Differential Revision: https://reviews.llvm.org/D109468
Added:
Modified:
llvm/lib/Transforms/IPO/OpenMPOpt.cpp
llvm/test/Transforms/OpenMP/get_hardware_num_threads_in_block_fold_optnone.ll
Removed:
################################################################################
diff --git a/llvm/lib/Transforms/IPO/OpenMPOpt.cpp b/llvm/lib/Transforms/IPO/OpenMPOpt.cpp
index 8ae0780c590d..0ec36d94f3ae 100644
--- a/llvm/lib/Transforms/IPO/OpenMPOpt.cpp
+++ b/llvm/lib/Transforms/IPO/OpenMPOpt.cpp
@@ -579,7 +579,9 @@ struct KernelInfoState : AbstractState {
/// See AbstractState::indicatePessimisticFixpoint(...)
ChangeStatus indicatePessimisticFixpoint() override {
IsAtFixpoint = true;
+ ReachingKernelEntries.indicatePessimisticFixpoint();
SPMDCompatibilityTracker.indicatePessimisticFixpoint();
+ ReachedKnownParallelRegions.indicatePessimisticFixpoint();
ReachedUnknownParallelRegions.indicatePessimisticFixpoint();
return ChangeStatus::CHANGED;
}
@@ -626,13 +628,13 @@ struct KernelInfoState : AbstractState {
KernelInfoState operator^=(const KernelInfoState &KIS) {
// Do not merge two
diff erent _init and _deinit call sites.
if (KIS.KernelInitCB) {
- if (KernelInitCB && KernelInitCB != KIS.KernelInitCB)
- indicatePessimisticFixpoint();
+ if(KernelInitCB && KernelInitCB != KIS.KernelInitCB)
+ llvm_unreachable("Kernel that calls another kernel violates OpenMP-Opt assumptions.");
KernelInitCB = KIS.KernelInitCB;
}
if (KIS.KernelDeinitCB) {
- if (KernelDeinitCB && KernelDeinitCB != KIS.KernelDeinitCB)
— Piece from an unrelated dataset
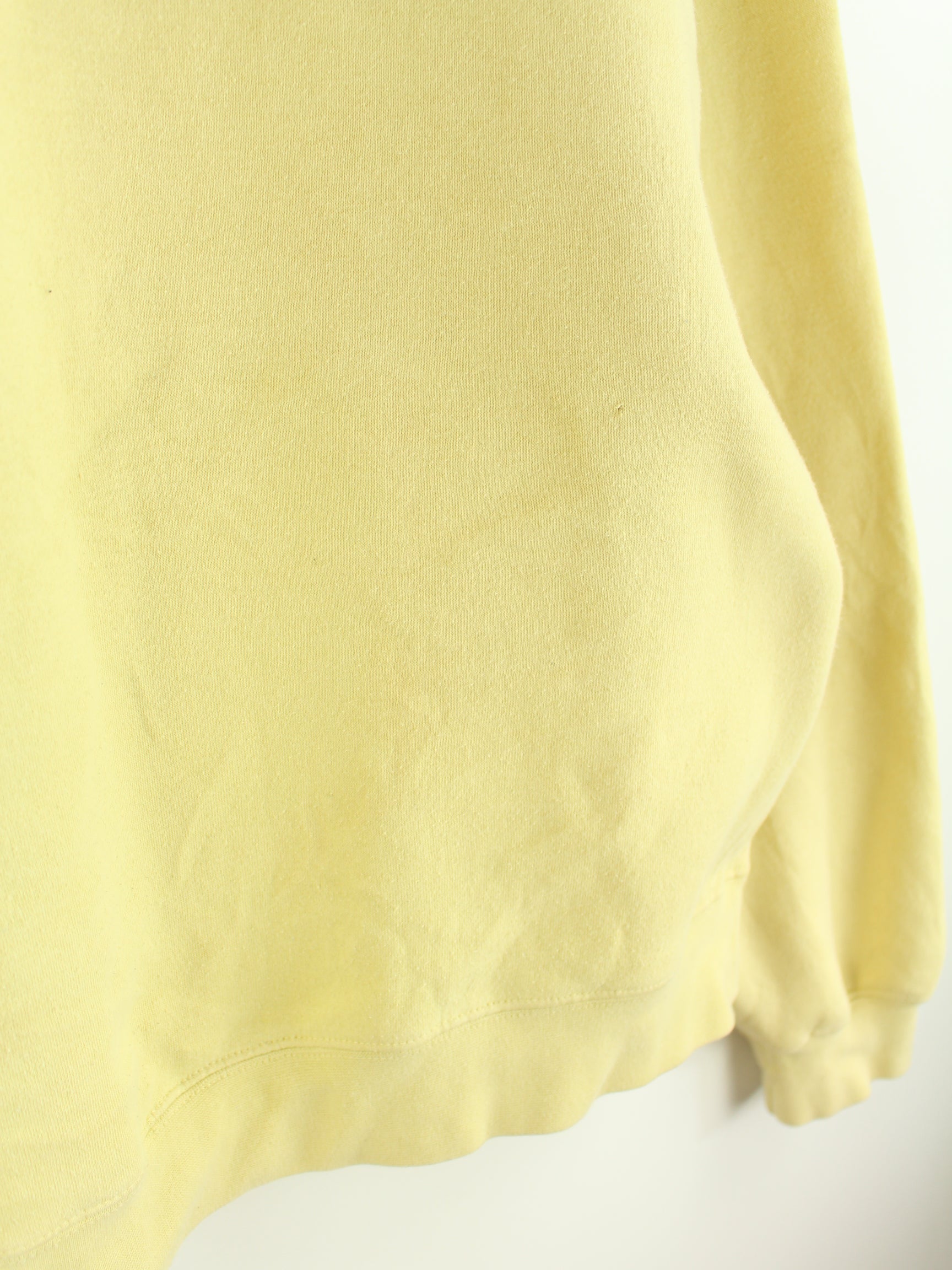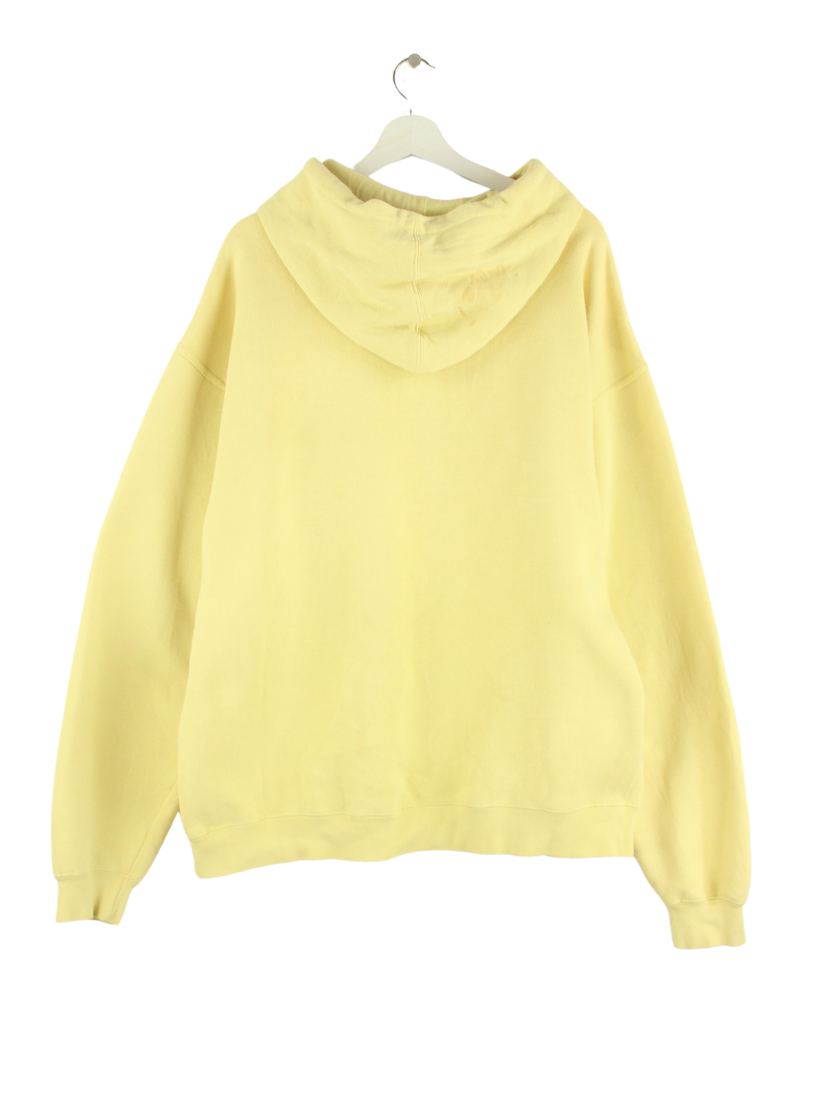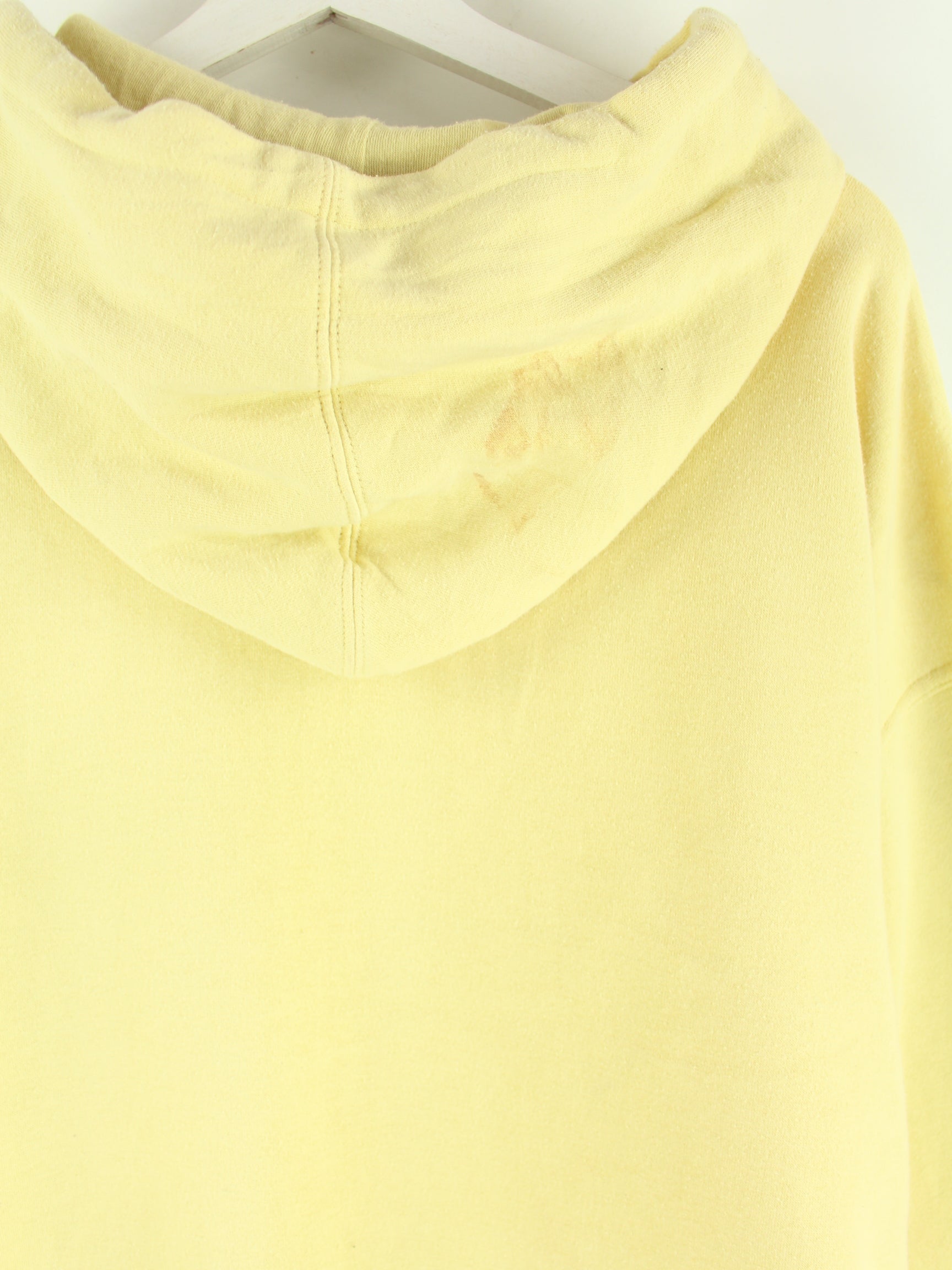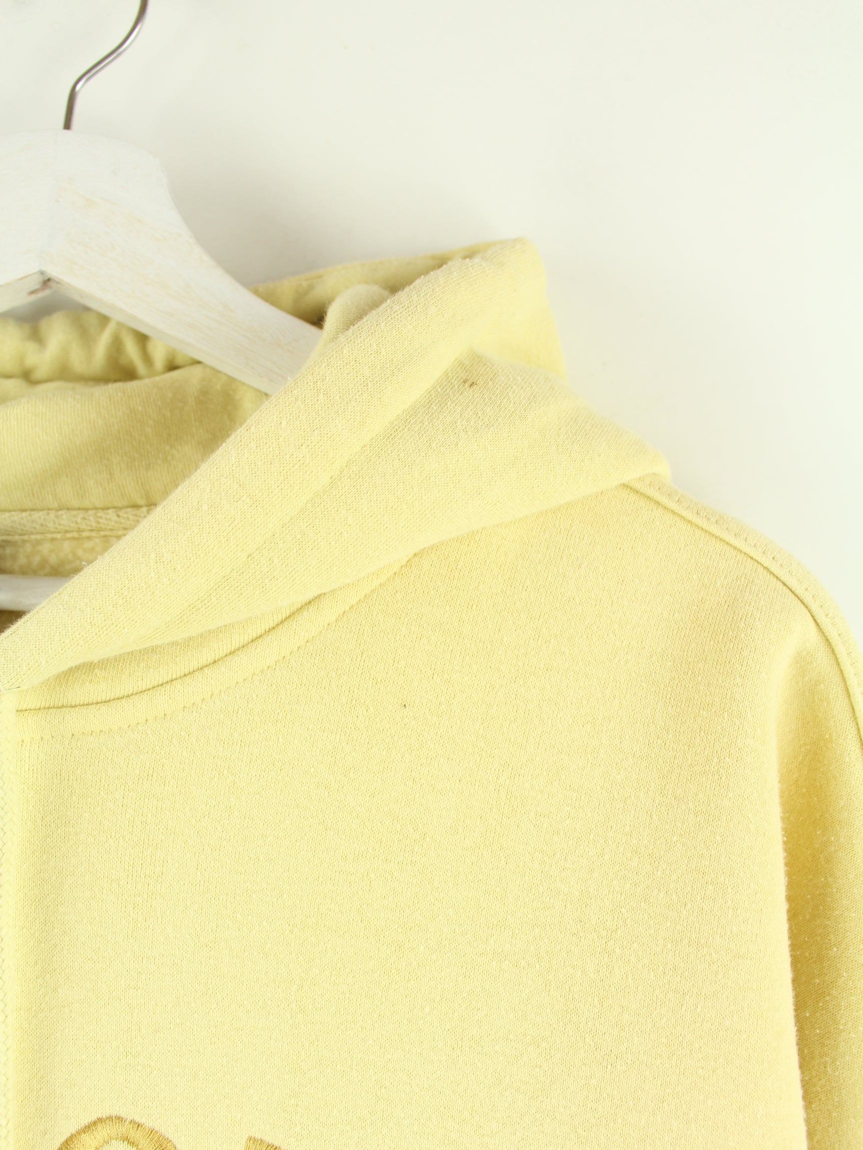 Gelber Vintage Hoodie mit gesticktem Logo aus Anfang der 2000'er in Größe XL. Er ist aus einer Baumwollmischung produziert und in gutem Zustand im Bestand.

- indicatePessimisticFixpoint();
+ if(KernelDeinitCB && KernelDeinitCB != KIS.KernelDeinitCB)
+ llvm_unreachable("Kernel that calls another kernel violates OpenMP-Opt assumptions.");
KernelDeinitCB = KIS.KernelDeinitCB;
}
SPMDCompatibilityTracker ^= KIS.SPMDCompatibilityTracker;
@@ -2828,9 +2830,13 @@ struct AAKernelInfo : public StateWrapper<KernelInfoState, AbstractAttribute> {
std::string(SPMDCompatibilityTracker.isAtFixpoint() ? " [FIX]"
: "") +
std::string(" #PRs: ") +
- std::to_string(ReachedKnownParallelRegions.size()) +
+ (ReachedKnownParallelRegions.isValidState()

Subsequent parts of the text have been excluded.